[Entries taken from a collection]
########

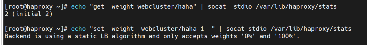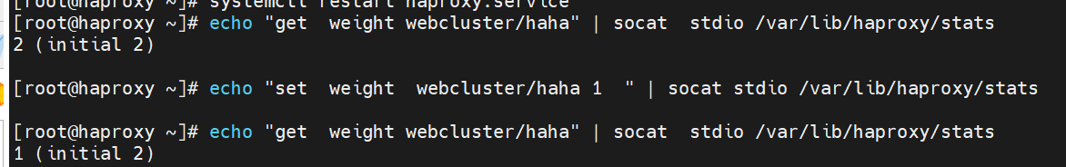 [root@haproxy ~]# echo "set weight webcluster/haha 2 " | socat stdio /var/lib/haproxy/stats
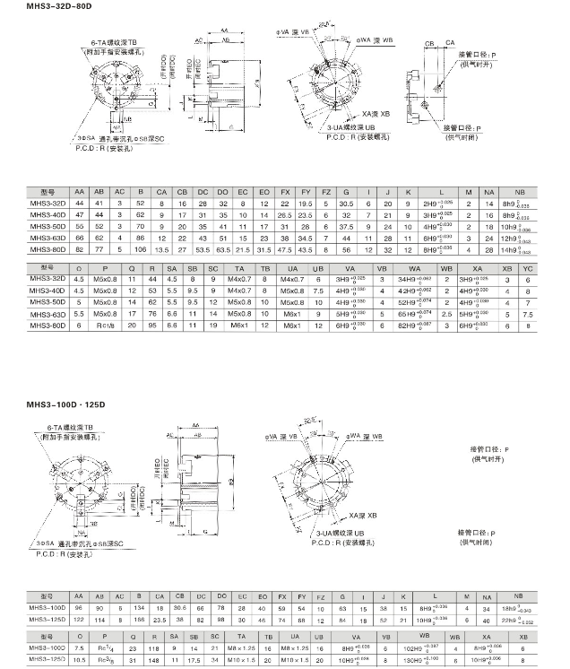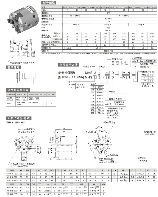 氣爪氣缸 MHS3-16D,MHS3-20D,MHS3-25D,MHS3-32D,MHS3-40D,MHS3-50D,MHS3-63D,MHS3-80D, MHS3-100D,MHS3-125D
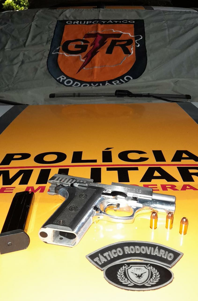 Nessa quarta-feira (23), a Polícia Militar Rodoviária prendeu um homem que estava com uma arma de fogo e munições, após ele passar com um veículo em alta velocidade, na rodovia LMG-760. Ele assumiu a propriedade dos materiais.
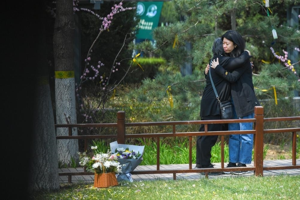 4月2日,在北京長青生命紀(jì)念園自然葬區(qū),自然葬逝者家屬在安放花束、祭奠親人后相擁。新華社記者 鞠煥宗 攝
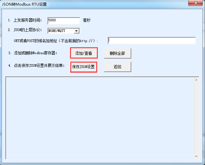 3.在這里選擇上發(fā)服務(wù)器的時間間隔,以及上發(fā)的方式,比如MQTT、POST、GET等,然后點擊“添加/查看”按鈕,設(shè)計每個JSON和對應(yīng)的Modbus寄存器。
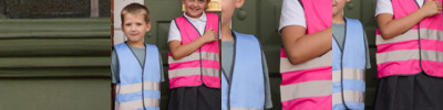 Generous in size allowing to be worn as an over garment. Black Polyester bound edges. 50mm sewn on safety tapes. Note: these garments should be worn fastened and kept clean to maintain effectiveness. Conforms to EN1150 – 89/686/EEC directive Size - Age S - 4/6 , M - 7/9 , L - 10/12 Chest to fit 22.5/24”, 25/27.5”, 29/31”
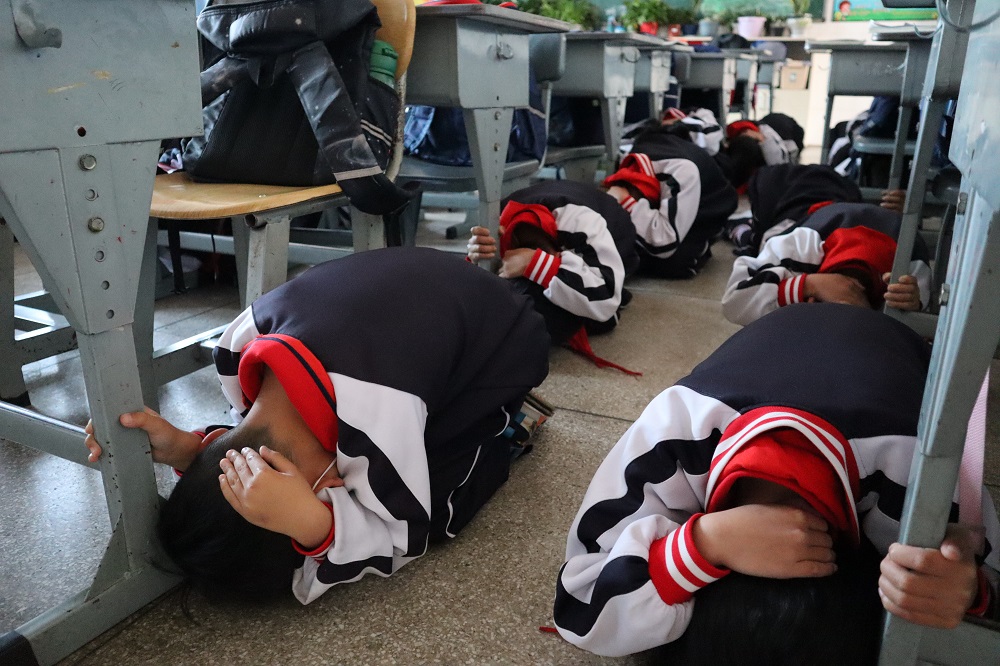 上午9:00,随着地震警报的响起,全体同学迅速将凳子放入课桌下面,跪伏于课桌旁,一只手扶住课桌,一只手护住颈部。教师立即检查教室门是否打开,并蹲下身子用手扶住教室门,确保出口通畅。

########

Omit every picture, and otherwise quote the entries exactly.

Response area →
 [root@haproxy ~]# echo "set weight webcluster/haha 2 " | socat stdio /var/lib/haproxy/stats
 氣爪氣缸 MHS3-16D,MHS3-20D,MHS3-25D,MHS3-32D,MHS3-40D,MHS3-50D,MHS3-63D,MHS3-80D, MHS3-100D,MHS3-125D
 Nessa quarta-feira (23), a Polícia Militar Rodoviária prendeu um homem que estava com uma arma de fogo e munições, após ele passar com um veículo em alta velocidade, na rodovia LMG-760. Ele assumiu a propriedade dos materiais.
 4月2日,在北京長青生命紀(jì)念園自然葬區(qū),自然葬逝者家屬在安放花束、祭奠親人后相擁。新華社記者 鞠煥宗 攝
 3.在這里選擇上發(fā)服務(wù)器的時間間隔,以及上發(fā)的方式,比如MQTT、POST、GET等,然后點擊“添加/查看”按鈕,設(shè)計每個JSON和對應(yīng)的Modbus寄存器。
 Generous in size allowing to be worn as an over garment. Black Polyester bound edges. 50mm sewn on safety tapes. Note: these garments should be worn fastened and kept clean to maintain effectiveness. Conforms to EN1150 – 89/686/EEC directive Size - Age S - 4/6 , M - 7/9 , L - 10/12 Chest to fit 22.5/24”, 25/27.5”, 29/31”
 上午9:00,随着地震警报的响起,全体同学迅速将凳子放入课桌下面,跪伏于课桌旁,一只手扶住课桌,一只手护住颈部。教师立即检查教室门是否打开,并蹲下身子用手扶住教室门,确保出口通畅。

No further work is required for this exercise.